I suspect that for a reasonably huge number of tables (10k’s?) you can still come up with a table cache that caches enough of them that you get more benefits from the cached ones being held open than from the cost of the LRU algorithm — in our case, though, we had an *unreasonable* number and the cache would never be “large enough” — and that’s the case where smaller is better.

Alex: SET GLOBAL table_cache = [value]

Cheers,

-Rich from FreshBooks

Mark Callaghan

14 years ago

Nice work. I think the penalty for reopening InnoDB tables includes the cost of resampling index cardinality and that can do several disk reads per index. I hope Percona fixes this because I would rather not learn that code myself.

Peter Zaitsev

Author

14 years ago

Mark,

The reopening tables in Innodb never happens as it always keeps tables open (I guess you meant it does this because cost of re-sampling is too high) innodb_dict_size_limit in Percona patches allows to change this behavior. I agree we should change this behavior.

Peter Zaitsev

Author

14 years ago

Rich,

Thanks. You confirmed my expectations. Somebody asked me how many tables did Freshbooks had and I guessed millions, it turns out I was close.

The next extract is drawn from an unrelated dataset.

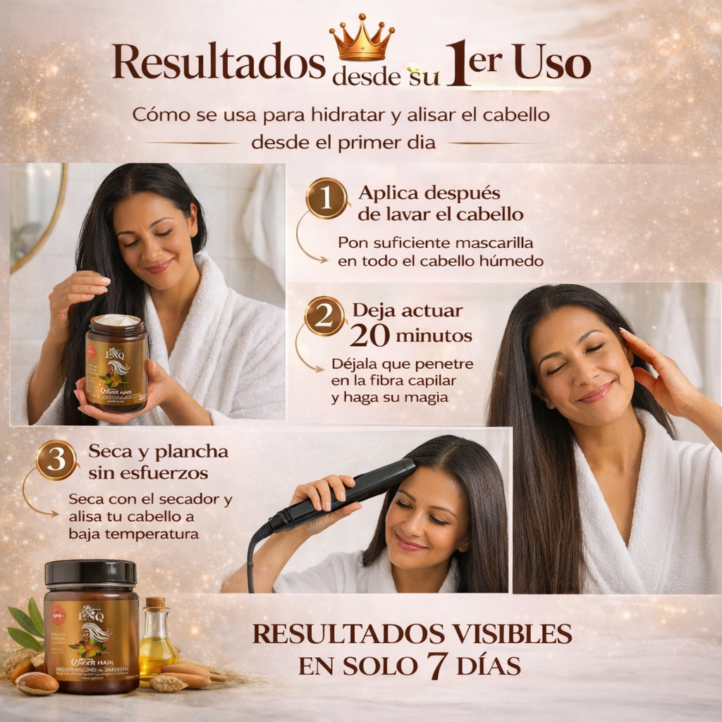 Una fórmula avanzada de reparación capilar que combina el efecto alisante que amas con una nutrición profunda real, diseñada para transformar tu melena desde la primera aplicación.

Indeed the math one would expect – increasing table_cache in such case would allow to decrease miss ratio (just a bit) for small expense of a bit of memory (may be some 8KB per table cache entry). So it comes as a huge surprise when you see this small decrease in miss ratio comes in so huge increase of CPU time.

Peter Zaitsev

Author

14 years ago

Also,

On setting table_cache online. Most time you can decrease it online, however increasing it may cause issues because MySQL will not change the number of open files limit in this case.

Wagner Bianchi

14 years ago

Hi Peter,

On my database schema I have many tables, the exactly number is 853 tables and all these tables are accessed all time. Well, goig ahead with what exlain the manual, all thread connected will use the same table that was opened, i.e., in cache and it is configured by the value of table_cache.

If I have 1000 active users or simultaneous conectiosn on my server (MySQL), if I use exchanges is most fast than use the high number configures in table_cache variable? What about the comparisons look at Open and Opened_tables?

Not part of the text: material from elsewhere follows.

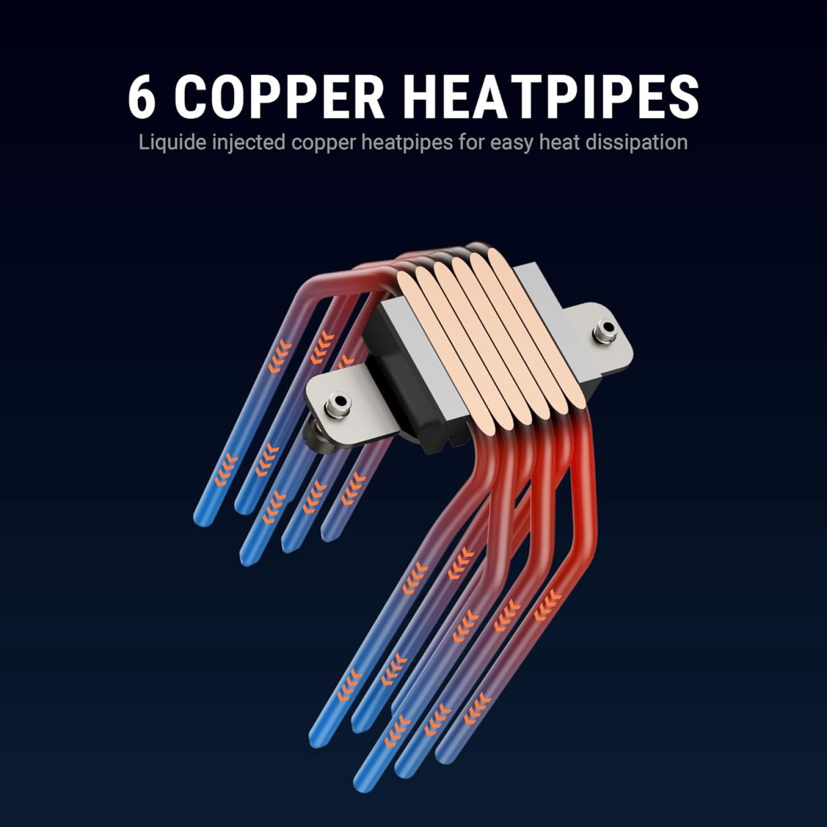 🔲 High-Density Finstack and 6 Copper Heatpipes

If I am missunderstood, plese corrects me.

Thanks.

Peter Zaitsev

Author

14 years ago

Wagner,

In your case number of tables is tiny and I trust you can fit them all in the cache easily – you can use large enough table cache. On the other hand i must say I did not see how table_cache size affects hits. I’m assuming only misses/invalidations slowdown but I have not tested it.

Chris

14 years ago

I don’t think 853 tables is tiny. Why so many? Are some of them duplicates providing duplicate funtionality to different groups of users? Why not combine like data in a single table for all users? Or am I missing something?

Wagner Bianchi

14 years ago

Maybe this number is tiny compared with the number up on the test did by Peter. That was 100.000.

Regards.

Igor

14 years ago

I think table_cache values between 1,000 and 5,000 are of much higher practical relevance for vast majority of MySQL users (those that are not hosting providers etc).

Sergei Golubchik

14 years ago

I see, you didn’t bother to submit a bug report about it.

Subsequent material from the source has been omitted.